The morning was gray. Clouds plastered the sky like a white canopy covering all of creation. It was the kind of day that you would stay in bed all morning long, reading a book and daydreaming. Dana wanted so badly to crawl back in bed and sleep away the pain of yesterday. She took a seat on her freshly made bed and stared at the blank white wall as if there were hidden words within its paint strokes and scratches. She knew that something was happening and she knew that Sam, her pen pal, was right. She was involved. But how? And if she was involved, who would she go to for help? She had no friends. How could she solve a mystery, let alone on her own?

Tieing her titian hair into a messy ponytail behind her head, Dana sat at her desk and began to write her valedictorian speech. She scanned books and her past journal entries for inspiration. She desperately wanted to make an impact on the crowd, but then again, nobody even knew her name. What was the use of trying to create one for herself out of thin air?

---

She was running. Down sandy hills, through noxious seagrass and golden brush, Dana was stumbling along the treacherous seashore. Why was she running?  Why did her heart feel like it was going to explode? Her mind was in shock. She was lost. She was being chased. By whom, she did not know.

Searching for relief, a place to stop and catch her shallow breath, Dana's eyes scanned the moonlit shore. Anywhere. Anyplace to hide, she did not care. She needed to find refuge and she needed to find it fast. The suspenseful feeling of someone following her was filling her gut. The knots twisted and turned inside of her. Anxiety shot through her veins like a drug. Her tired eyes blazed in and out of focus. The silvery moon shone above her like a searchlight from a helicopter. Being found, she thought, was much worse than being as lost as she was.

Darting across the chilling sand, she found a dark, dismantled shack. Looking behind her shoulder, she felt confident that she had lost him; the person that was following her. She reached the decrepit building. Wiggling the doorknob with force, she could not open it. It was locked. She banged helplessly on the door, "Help me! Please, someone, help me!" No answer. Nothing. She continued to kick and punch the door. Above her eyes view, she saw the numbers 617 attached to the little house. Digging in her pockets, she anxiously fumbled for the key. "God," She screamed at the milky clouds, "please help me." Her adrenaline was pumping through her like gasoline. She felt the icy touch of the key's metal on her fingertips. She raised the key to the knob, her hands trembling. Twisting the handle, entering into her hideaway, two hands forcefully grabbed her shoulders.

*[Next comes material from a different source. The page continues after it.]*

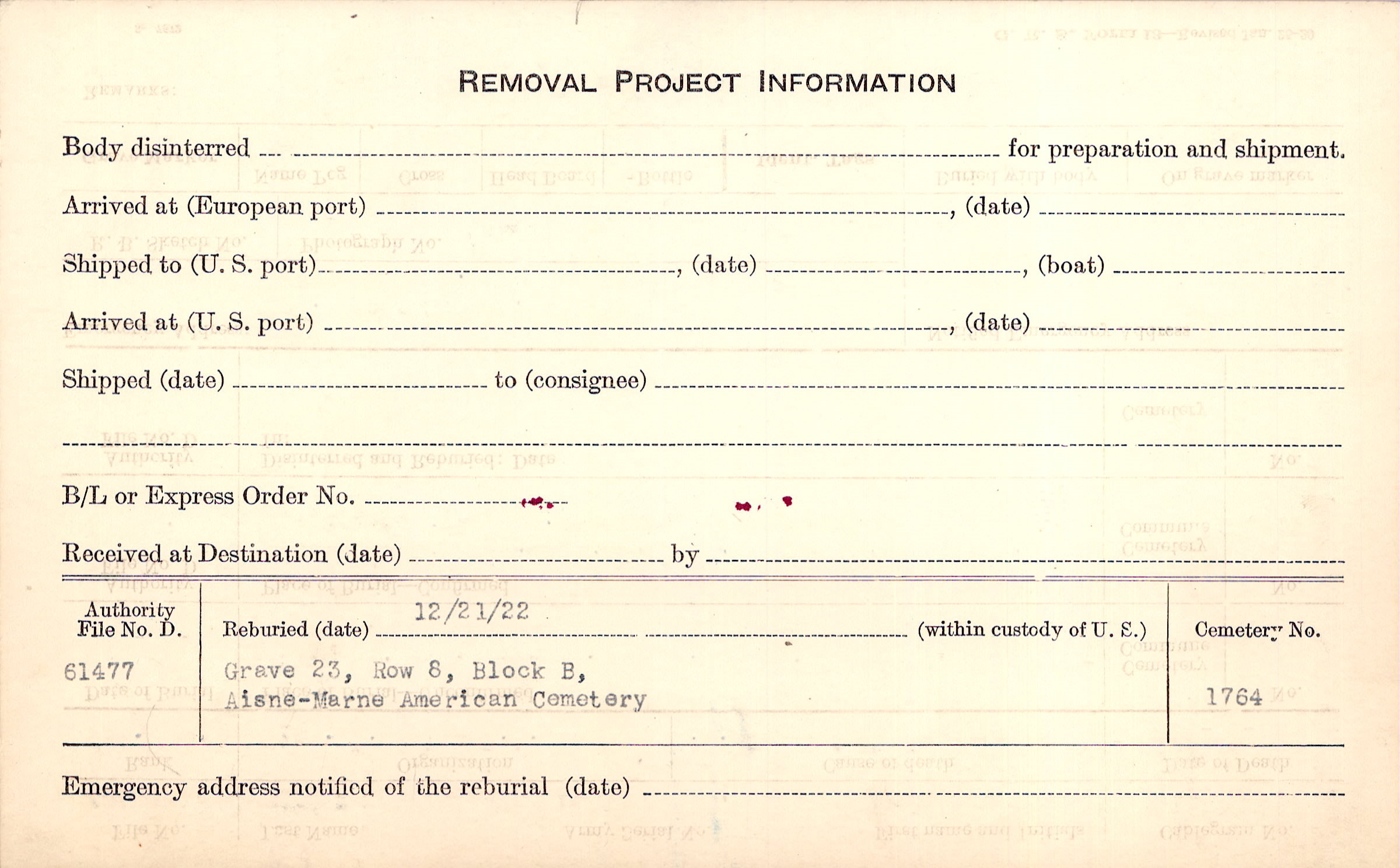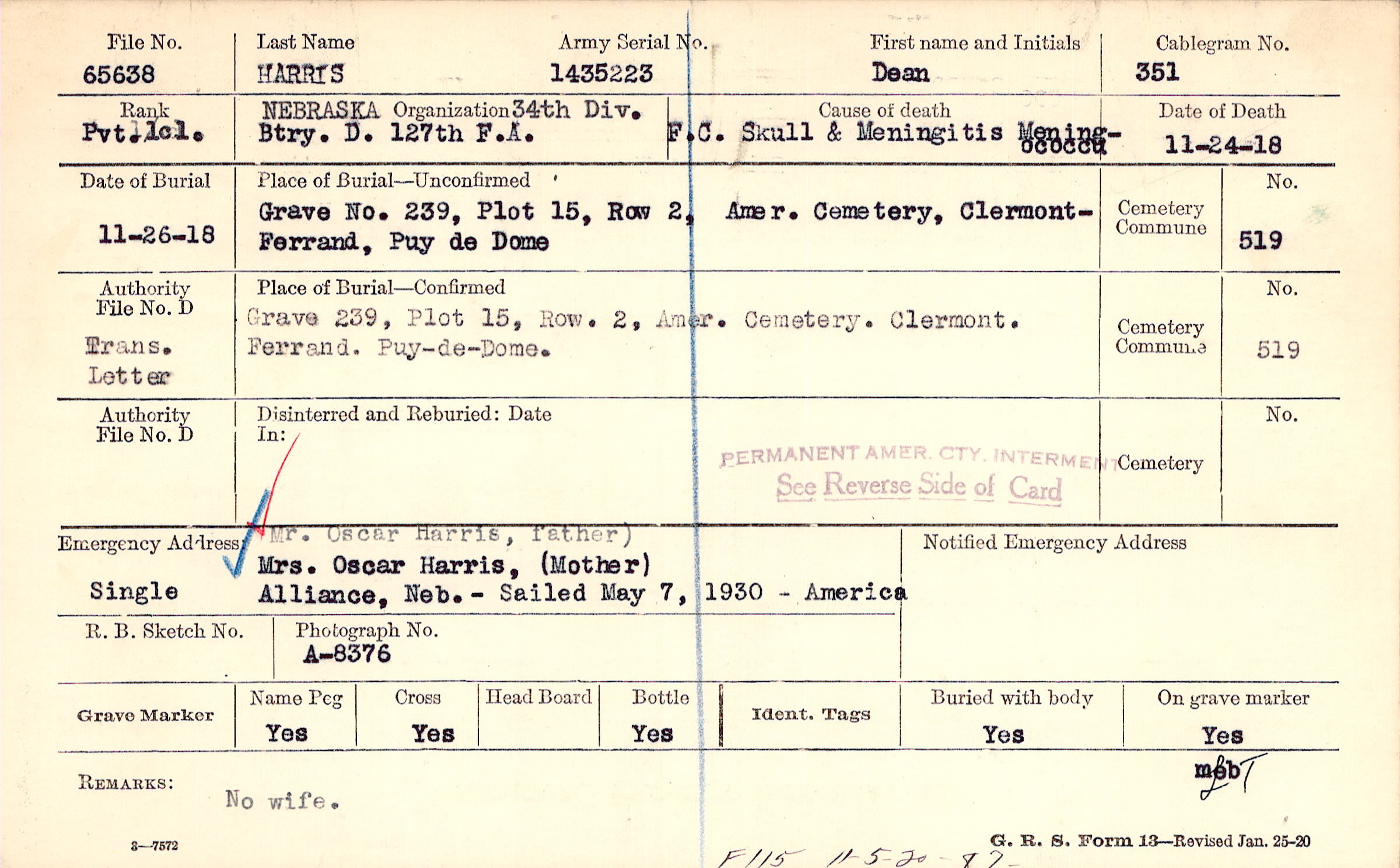 Grave No. 239, Plot 15, Row 2, Amer. Cemetery, Clermont-Ferrand, Puy de Dome

Dana's eyes shot open. The scream of her alarm clock brought her back to earth. All night, Dana tossed and turned in her linen sheets. Sweating profusely, she wiped the chill away from her face. "I was a dream," She whispered, her body trembling. "Thank God, it was just a dream."

Mixed emotions of the anxiety of graduation and the death of Joyana and Pauline tugged at every corner of her mind. So many strange and unexplainable things had happened to her in the past few days. She was only 18 and it felt like the world around her was crumbling in her ivory hands. Reluctantly sitting up, she rubbed the sleepiness from her eyes and yawned, stretching her lower back. The sky was drizzly and gray; matching her sulking and anxious mood.

She tiptoed to the bathroom and began to run a hot shower. The white-tiled room began to fill with steam as thick as the clouds outside. As she removed her pajama top, she examined herself in the mirror. She was so skinny and flat. Her body was square. Just like her personality. She turned around, counting the freckles along her arms and shoulders. Her back was broad like her brothers. Never, she thought, would she ever have the feminity of Melissa or her mother. She was always so behind everyone else. Her body, her life, her interests, and hobbies were always two, sometimes three steps behind everyone else she knew.